AVC: That argument about making shows as mainstream as possible just doesn’t add up, because when have suburban white kids ever not wanted to explore black culture? That’s always been the case.
WC: No, that’s true. That’s what’s kind of interesting even now when you look at how things get made and people get so caught up in demographics and who can be a lead of a show, and people get so weirdly protective. “Well, we don’t know if somebody would watch a TV show with an Indian lead.” But it’s like, yeah people will, because there are suburban white kids who are curious about Indians in the same way that they’re curious about black people, in the same way they’re curious about cultures that they’re not around.

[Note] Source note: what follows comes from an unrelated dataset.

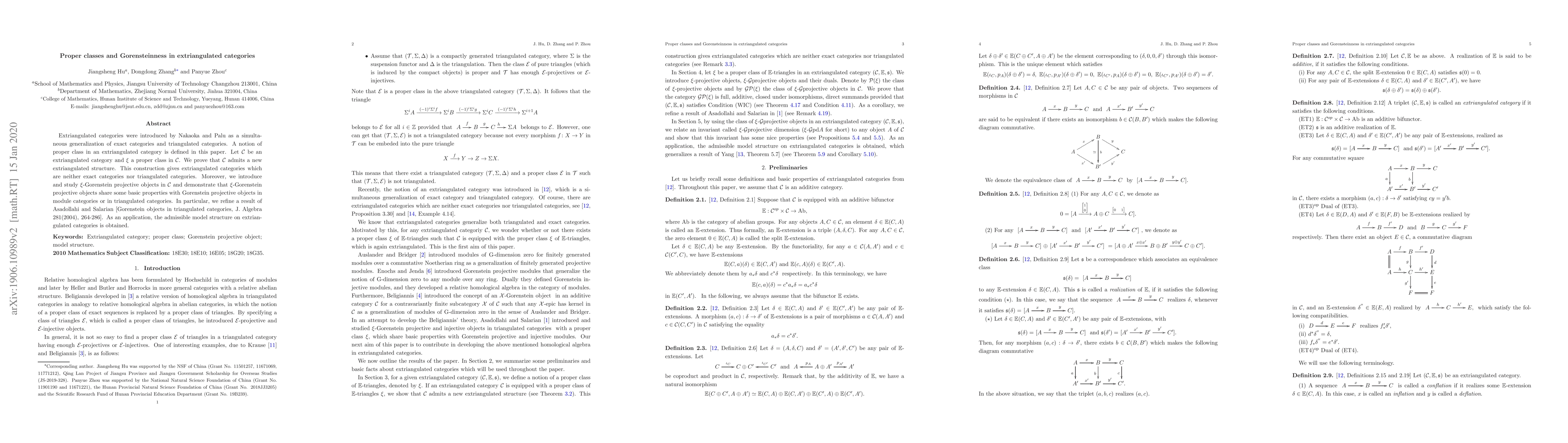 This paper introduces proper classes in extriangulated categories and constructs new extriangulated structures, demonstrating that these categories can be neither exact nor triangulated. It further explores $\xi$-Gorenstein projective objects, showing their properties parallel those in module or triangulated categories, and applies these findings to obtain $\xi$-$\mathcal{G}$ projective model structures.

But then, an even greater thing to me is that there are kids who are watching those shows that now think this is a road that is available to them, that they are creative individuals who can now go down this path. There’s a kid right now who is watching Master Of None and seeing somebody like Aziz or Mindy Kaling and thinking, “Oh, okay, it’s okay for me to like comedy, and it’s okay for me to delve into the other weird channels of comedy that exist and maybe try this myself.” Looking at stuff like In Living Color and seeing somebody like Eddie Murphy but also seeing somebody like Russ Parr making those weird music videos, to me, it felt like, “Oh okay, I can do this, and there is a space for me, and if I keep at it and really invest myself, then I can do this.” I look at some of that stuff and I think with a video like that and with a lot of the stuff I would watch as a kid, the underlying message it was giving me was of “Yeah, you have access to comedy as well.”

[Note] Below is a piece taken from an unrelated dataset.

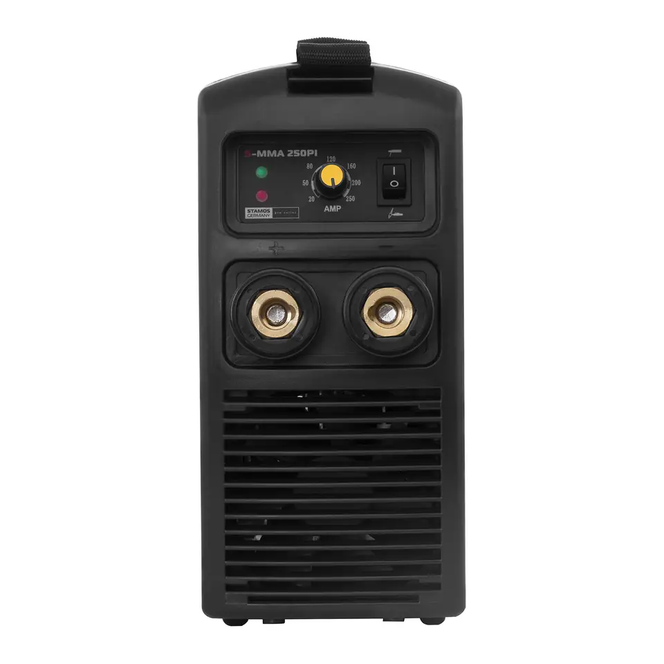 Wydajna spawarka MMA niemieckiej marki Stamos Germany przeznaczona do spajania metali za pomocą elektrody otulonej. Została wykonana z wysokiej jakości materiałów i nowoczesnych podzespołów, dzięki którym jest nie tylko niezawodna, ale także wydajna. Jej cykl pracy wynosi 80% przy prądzie spawania mieszczącym się w granicach 250 A, a zastosowana w niej technologia IGBT zapewnia jej odporność na zwarcia.

AVC: Don’t you kind of love the idea that there’s some young black kid in the middle of Wyoming somewhere who’s watching your comedy special or the old Chappelle Show bit with the puppets and thinking, “Wait, other guys are obsessed with puppets and can do stuff with them? I can do that?”
WC: Yeah. It’s sort of a sad thing about the whole story with [Elmo puppeteer] Kevin Clash, one of the unfortunate things—that was sort of separate from all the other unfortunate things— was there was a documentary that had been made about him. He was a kid in the D.C.-Maryland area, and he was interested in making puppets, and he was making puppets down there on his own, and then wound up getting connected with a puppet maker who had his own show, and over the course of the documentary, they find another kid like Clash, they found another black kid who was 12 or 13 years old who had been making puppets and then they put that kid in front of Kevin Clash. It was kind of, “Oh, it’s great that this kid gets to see this,” but yeah, as a person who has for years tried to sell puppet shows, I wish there were more kids of color that were like, “We want to make puppets too!” So then somebody would say, “Oh, there’s a market for this, all right, yeah, okay dum-dum, you can make your stupid puppet show. We’ll give you a chance to make your puppet version of What’s Alan Watching?”